24. The device of claim 23 wherein the cellulose material is a composite paper.

25. The device of claim 22 wherein the substrate is glass or plastic.

26. The device of claim 22 wherein the substrate is in the form of a microfluidic channel or a reaction vessel or other container.

27. The device of claim 22 wherein the hydrophobic moiety comprises an alkyl chain.

28. The device of claim 22 wherein the charged moiety is positively charged.

29. The device of claim 22 wherein the charged moiety is a quaternary ammonium group.

30. The device of claim 22 wherein the binding moiety comprises a hydroxyl group.

31. The device of claim 22 wherein the functional groups are an alkyl chain, a silyl group, and an ammonium chloride group.

32. The device of claim 22 wherein the biocidal agent is a silylated quaternary ammonium compound (SiQAC).

33. The device of claim 22 wherein the biocidal agent is 3-(trimethoxysilyl) propyldimethyloctadecyl ammonium chloride.

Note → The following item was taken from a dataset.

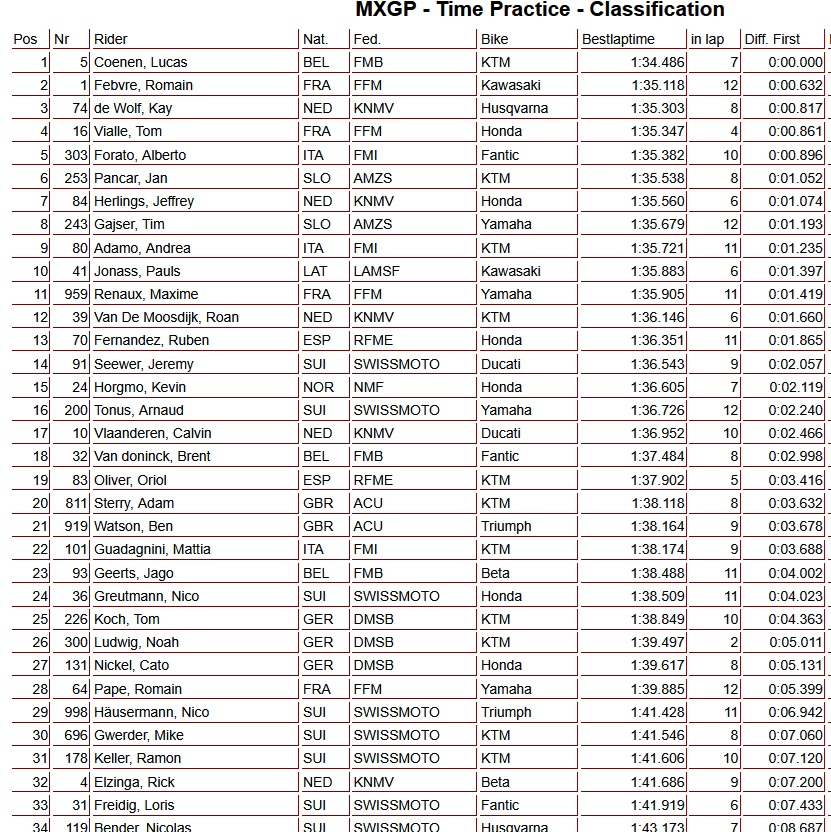In the MXGP timed practice session in Switzerland, Lucas Coenen clocked the fastest lap, ahead of Romain Febvre in second and Kay de Wolf in third. Tom Vialle, Alberto Forato and Jan Pancar completed the top six, while Jeffrey Herlings finished seventh. Calvin Vlaanderen was 17th and Rick Elzinga placed 32nd.

34. The device of claim 22 wherein the biocidal agent is selected from the group consisting of

a) telechelic poly(2-alkyl-1,3-oxazolines);

b) cellulose with an antimicrobial DDA group; and

c) saponins.

35. The device of claim 22 wherein the substrate is integrated into a sample preparation cartridge.

36. The method of claim 3, wherein the cellulose material is selected from the group consisting of a cellulose filter paper and a cellulose matrix.

37. The method of claim 8 wherein the alkyl chain is selected from the group consisting of C5-C30 alkyl and C10-C20 alkyl.

38. The method of claim 21, wherein the nucleic acid amplification step comprises a polymerase chain reaction.

39. The device of claim 23, wherein the cellulose material is selected from the group consisting of a cellulose filter paper and a cellulose matrix.

40. The device of claim 27 wherein the alkyl chain is selected from the group consisting of C5-C30 alkyl and C10-C20 alkyl.